5. Follow your heart but don’t be reckless

This was the first piece of advice that had me scratching my head. Some of you said you wished you hadn’t been so reckless, that you’d been more pragmatic about your decision making, whereas others wished they hadn’t played it so safe – that they’d taken more chances. After giving it some thought I came to the conclusion that there’s a big difference between taking a calculated risk based on what you know your heart wants, versus simply caving into impulsivity and doing what feels good all the time. Life isn’t about simply doing what feels good, it’s about doing what you believe is right. That’s what it really means to follow your heart. 

6. Sort out your career before you have kids 

A few of you raised the point that it’s best to understand your place in the world before you bring kids into it.  The younger you are, the more risks you should be taking. Don’t hesitate to change your degree or career path if you’re not enjoying the one you’re on. Better to experiment and make those changes earlier rather than later. Part of problem is this idea that one must go straight from school into the best possible university with a career plan for life already mapped out.
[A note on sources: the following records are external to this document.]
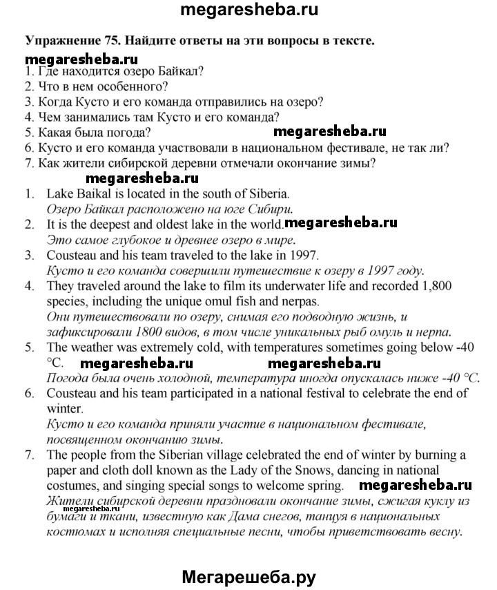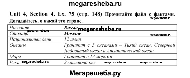 ГДЗ по английскому языку 6 класс Биболетова Enjoy English unit 4 exercise - 75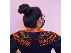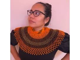 Orange, Brown, and Gold African Zulu, Ndebele, Xhosa beaded collar - shoulder lenght. Adjustable from 12"-14" neck circumference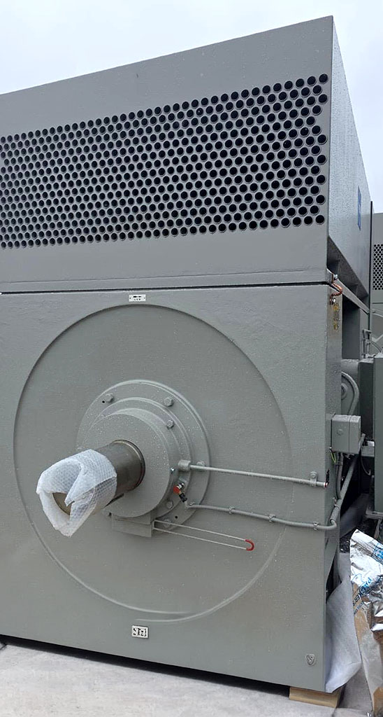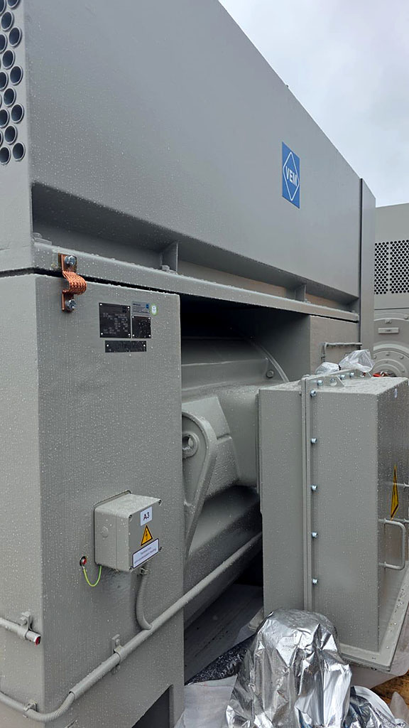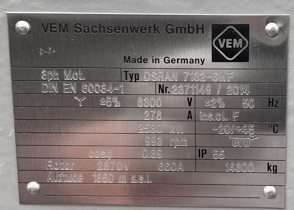 | Beschreibung Ein unbenutzter VEM 6300V Schleifringläufermotor (Asynchronmotor) steht zur Verfügung. Bauform: IM1001, Schutzart: IP55, Isolationsklasse: F, Nennleistung: 2580kW (2,58MW), Nennspannung: 6300V, Nennstrom: 276A, Leistungsfaktor: 0,89, Rotorspannung: 2370V, Rotorstrom: 680A, Nenndrehzahl: 993U/min, Gesamtgewicht: ca. 14300kg. Maschinendimensionen X/Y/Z: ca. 3600mm/2300mm/2320mm. Die Maschine ist unbenutzt und somit neuwertig. Eine Besichtigung nach Absprache vor Ort ist möglich. |

Many of us then get “locked in” to these careers because of the debt we’ve taken on doing a degree we weren’t entirely sure about. 

I often look back and wonder what the big rush was? (I’m a pilot with a history degree who is now considering a second career in psychology FYI!) Why not go out and experience the world first? Why not try travelling on a shoe string? Why not volunteer for a cause you believe in, or see what supporting yourself on a minimum wage is like (that will give you some added motivation) – and then ask yourself what you want your life to be about? 
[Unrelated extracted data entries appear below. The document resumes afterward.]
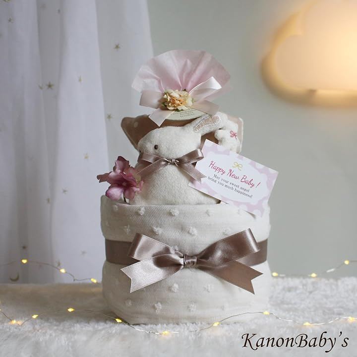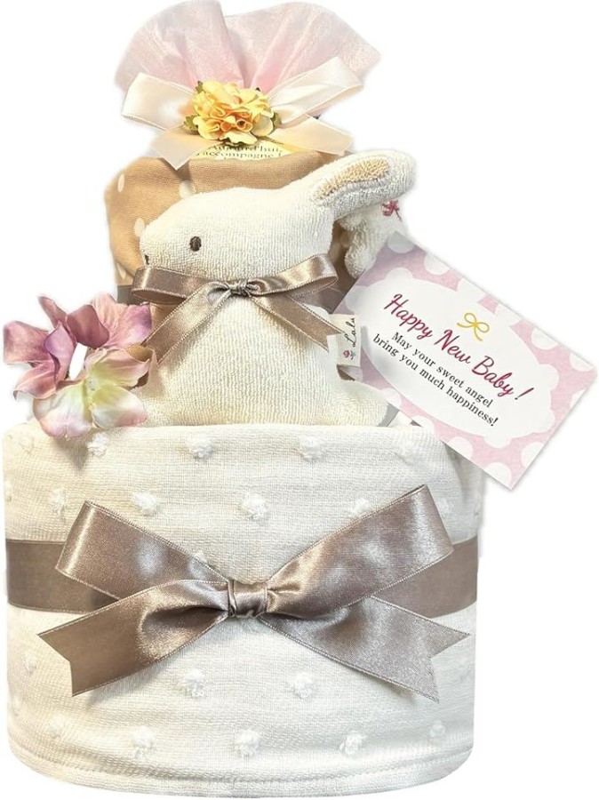 出産祝いに最適なオーガニックタオルのおむつケーキ: 世界的に評価されている愛媛県今治市で生まれたジャパンクオリティのタオルを使ったおむつケーキは、赤ちゃんへの特別な出産祝いとして人気があります。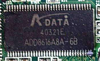 | Карта имеет интерфейс PCI, 64 МБ памяти DDR SDRAM, размещенной в 4-х микросхемах на лицевой и оборотной сторонах PCB. Микросхемы памяти A-Data. Время выборки у микросхем памяти 4 ns, что соответствует частоте работы 250 (500) МГц, память работает на частоте 200 (400) МГц. Частота работы GPU 250 MHz. Подчеркну, что шина обмена с памятью у карты64bit!!! Как мы видим, 64 мегабайта получились за счет отсечения половины микросхем памяти (пустые места на PCB), каждая микросхема16 битная, в сумме64бит. | ![]() |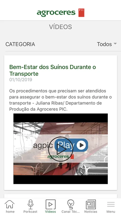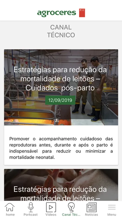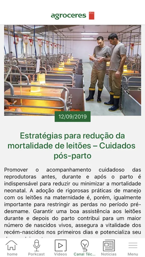O aplicativo da Agroceres PIC reúne conteúdo técnico e educativo. São videoaulas, entrevistas,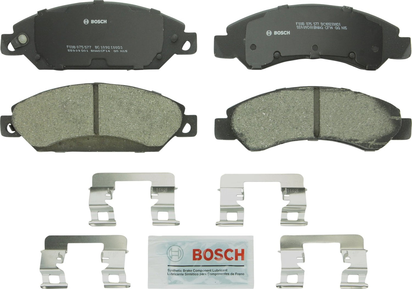 Q: How do I install the BOSCH BC1092 brake pads?A: Installing the BOSCH BC1092 brake pads typically involves removing the wheel, caliper, and old pads, then placing the new ceramic brake pads into the caliper bracket. Ensure to apply the included synthetic lubricant to sliding contact points to reduce resistance. Always consult your vehicle's service manual for detailed installation instructions or consider professional installation if unsure.

7. Don’t wait but have patience

It seems to me people either give up way too soon, or they never get started in the first place because they’re always waiting for the “perfect time.” This was reflected in what many of you said. Some of you said to get started right away, while others said to have patience – not to be be so naive and understand that is takes time to build the life you want. It reminded me of this Oprah Winfrey quote: “Do what you have to do until you can do what you want to do.” The way I see it, there are two ways to go about it. Build a business or hold a job that earns you enough money, that also gives you enough time to chase/do what you love on the side, or learn to earn enough money doing what you love. Either way, don’t wait to chase your dreams, but understand there’s a mountain you have to climb first. 

8. Believe in yourself

This brings me nicely to the next piece of advice that so many of you gave. Believe in yourself. Back yourself to stand up for what you believe is right. Believe in your capacity to persevere in face of adversity. It’s important to remember that hope is for you, for your ability to deal with reality – not for reality itself. To quote my childhood hero Bruce Lee, “Do not pray for an easy life; pray for the strength to endure a difficult one.” Prepare for the worst while believing in your capacity to deal with it.

9. Lighten up

Now that I’ve relayed you with a very serious list of life lessons that you’ve all undoubtably failed to follow, let me finish this final piece of advice you gave – lighten up! Life is serious enough without us adding to it. You could spend your whole life planning for the perfect retirement only to get hit by a bus crossing the road. It’s important to prepare for the future, but not at the complete expense of today. Remember to laugh and be silly. Remain curious and let your inner child have a say. Certainly don’t be too hard on yourself. You’re still standing aren’t you? That, at least, is something worth smiling about.